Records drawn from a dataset
**********

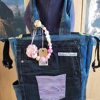 Jeanstas, gemaakt van oude jeans. Zowel aan de buitenkant als binnenkant veel zakjes en een stevige rits. Ringen aan de zijkant om eventueel een schouderriem...
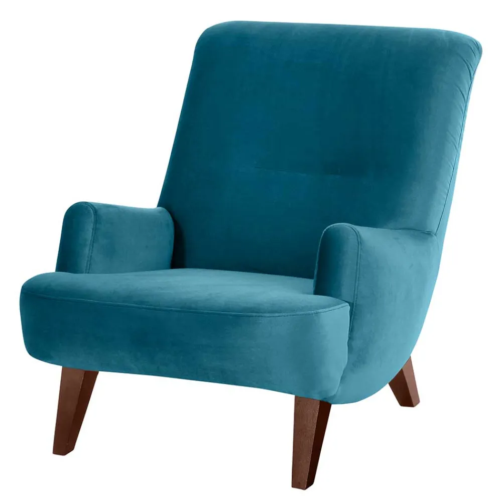 - Trendiger Sessel in Petrol und Nussbaumfarben
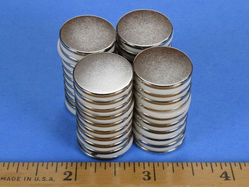 Coating: Most neodymium magnets are plated or coated in order to protect the magnet material from corrosion. Check out our Custom Magnets for unplated magnets and other coatings not stocked for this size magnet. Learn more about all available platings and coating in our What Magnet Coating Should I Use? article.Nickel-Copper-Nickel (Ni-Cu-Ni)
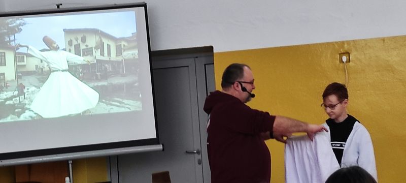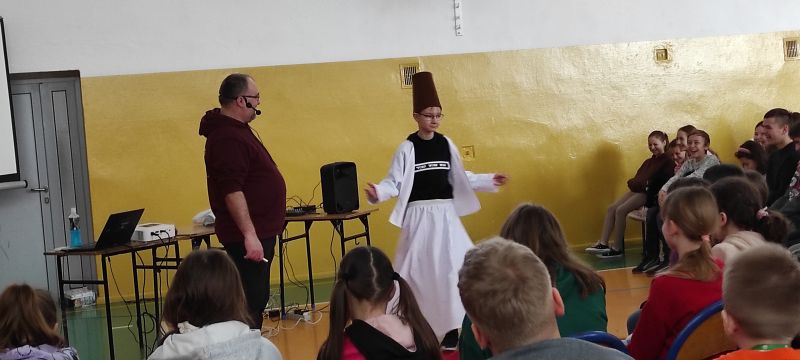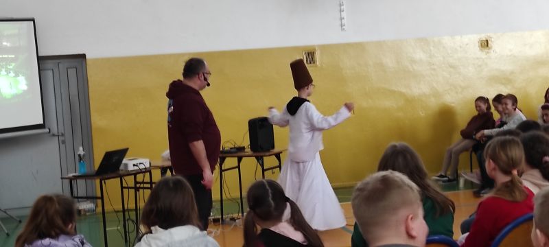 Dzisiaj (7 lutego 2023) w naszej szkole gościł Podróżnik – przedstawiciel firmy Trzask z Gorlic. Zaprezentował naszym uczniom zdjęcia z podróży do Turcji. Przedstawił ciekawostki z historii starożytnej jak i życia codziennego mieszkańców Turcji. Uczniowie usłyszeli też oryginalne brzmienie języka tureckiego i muzyki. Na zdjęciach widać było starożytny Efez, Hierapolis, Myrę. Pan Darek udał się też do Kapadocji - prezentował krajobrazy wulkaniczne i niebo usiane balonami pełnymi turystów podziwiających krainę z góry. Na koniec zaprezentowano film z tańcem derwiszów. Pokazano też tradycyjny strój do tegoż tańca. Pokaz bardzo się podobał. Czekamy na kolejny – z Kalifornii i Meksyku.
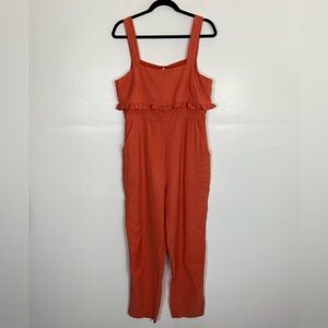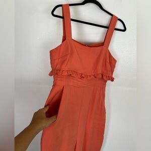 BCBGeneration Women’s Jumpsuit Size 10 Ruffle Pockets Color Orange Sleeveless
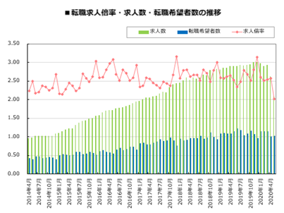 2020年5月の転職求人倍率は、前月比-0.55ポイントの2.03倍となりました。求人数は前月比79.9%、前年同月比72.3%となりました。転職希望者数は前月比101.4%、前年同月比90.2%でした。
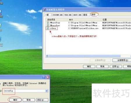 6、 按下开始菜单中的运行,输入MSCONFIG,进入系统配置界面。在启动选项卡中,除CTFMON(输入法)外,其余项目均可取消勾选。这些启动项大多非系统必需,即便关闭也不会影响基本使用。实际上,即使不启动输入法程序,仍可正常输入文字,唯一区别是任务栏不会显示输入法切换图标。
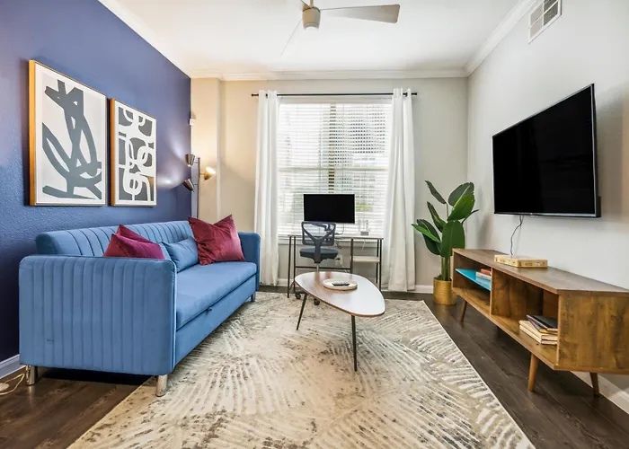 1001 Ross Avenue Apartment Dallas lies in the West End district of Dallas and offers swift access to the public park "Pioneer Plaza", which is only a 7-minute walk away.

**********

- What to work on: Nothing but the records above, exact and without pictures, should appear in the answer.

- Result of the task:
 Jeanstas, gemaakt van oude jeans. Zowel aan de buitenkant als binnenkant veel zakjes en een stevige rits. Ringen aan de zijkant om eventueel een schouderriem...
 - Trendiger Sessel in Petrol und Nussbaumfarben
 Coating: Most neodymium magnets are plated or coated in order to protect the magnet material from corrosion. Check out our Custom Magnets for unplated magnets and other coatings not stocked for this size magnet. Learn more about all available platings and coating in our What Magnet Coating Should I Use? article.Nickel-Copper-Nickel (Ni-Cu-Ni)
 Dzisiaj (7 lutego 2023) w naszej szkole gościł Podróżnik – przedstawiciel firmy Trzask z Gorlic. Zaprezentował naszym uczniom zdjęcia z podróży do Turcji. Przedstawił ciekawostki z historii starożytnej jak i życia codziennego mieszkańców Turcji. Uczniowie usłyszeli też oryginalne brzmienie języka tureckiego i muzyki. Na zdjęciach widać było starożytny Efez, Hierapolis, Myrę. Pan Darek udał się też do Kapadocji - prezentował krajobrazy wulkaniczne i niebo usiane balonami pełnymi turystów podziwiających krainę z góry. Na koniec zaprezentowano film z tańcem derwiszów. Pokazano też tradycyjny strój do tegoż tańca. Pokaz bardzo się podobał. Czekamy na kolejny – z Kalifornii i Meksyku.
 BCBGeneration Women’s Jumpsuit Size 10 Ruffle Pockets Color Orange Sleeveless
 2020年5月の転職求人倍率は、前月比-0.55ポイントの2.03倍となりました。求人数は前月比79.9%、前年同月比72.3%となりました。転職希望者数は前月比101.4%、前年同月比90.2%でした。
 6、 按下开始菜单中的运行,输入MSCONFIG,进入系统配置界面。在启动选项卡中,除CTFMON(输入法)外,其余项目均可取消勾选。这些启动项大多非系统必需,即便关闭也不会影响基本使用。实际上,即使不启动输入法程序,仍可正常输入文字,唯一区别是任务栏不会显示输入法切换图标。
 1001 Ross Avenue Apartment Dallas lies in the West End district of Dallas and offers swift access to the public park "Pioneer Plaza", which is only a 7-minute walk away.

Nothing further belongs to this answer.